Pietransieri (Pietransieri) is a frazione of Roccaraso in the province of L'Aquila in the Abruzzo region of Italy. It is included in the mountain community of the Alto Sangro and the Cinque Miglia plateau.

== History ==
The village was built around 975 AD on a small rocky outcrop. The village changed its name several times (Pietra d'Anserio, Pietranziero), before the current name was adopted in the 16th century. The village was an independent municipality until 1811, when it passed to the administration of Roccaraso.

==Overview==
Pietransieri is situated at an altitude of 1359 meters, on a side of the Tocco mountain. It leans behind a big rocky stone (in Italian la Pietra).
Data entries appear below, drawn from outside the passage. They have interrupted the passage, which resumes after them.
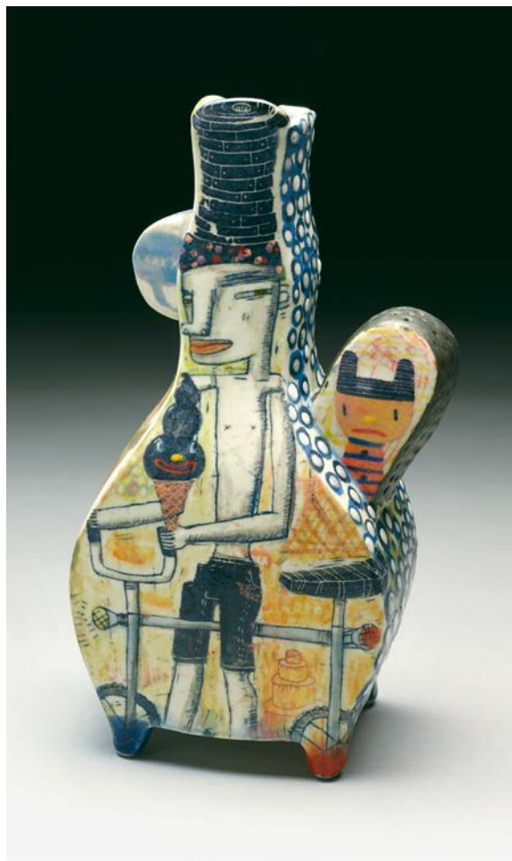
Triple Decker (two views), 2015, porcelain, glazes, underglaze, and oxide wash, 9 x 5 x 3 inches
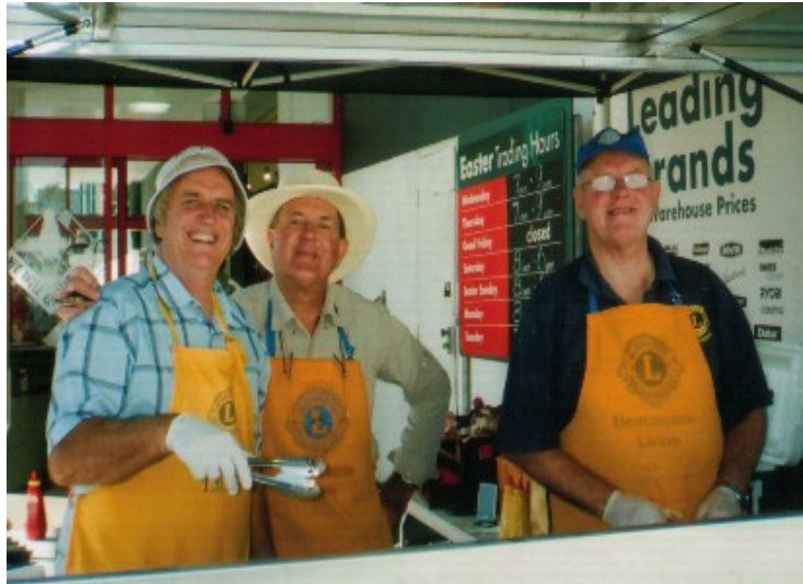
Beaumaris Lions Club members wield the tongs at a sausage sizzle for the Cord Blood and Childhood Cancers Appeal. It's another example of the projects the club has been involved in over 36 years.
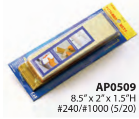
AP0509 8.5" x 2" x 1.5"H #240/#1000 (5/20)
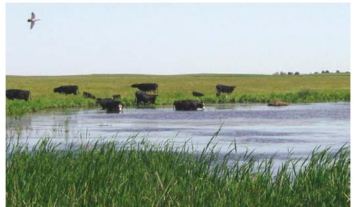
Wetland with cattle

This village is known mostly because of the Limmari Massacre during World War II. This massacre was committed as a retaliation by Nazis on 21 November 1943 because of the suspicion that the inhabitants were helping the partisans. 128 inhabitants were killed, including 38 children, and the corpses were left in the woods.

There is an annual candlelight vigil to commemorate the victims of the massacre. In November 2018, on the 75th anniversary of the massacre, the mayor of Roccaraso, Francesco Di Donato, promoted a conference of jurists and historians about the event and also announced a project to create a Memorial Park in Pietransieri.

== Honors ==
The village of Pietransieri was among the locations awarded the Gold Medal of Military Valour for the sacrifices of its people and for its activity in the partisan struggle during the Second World War.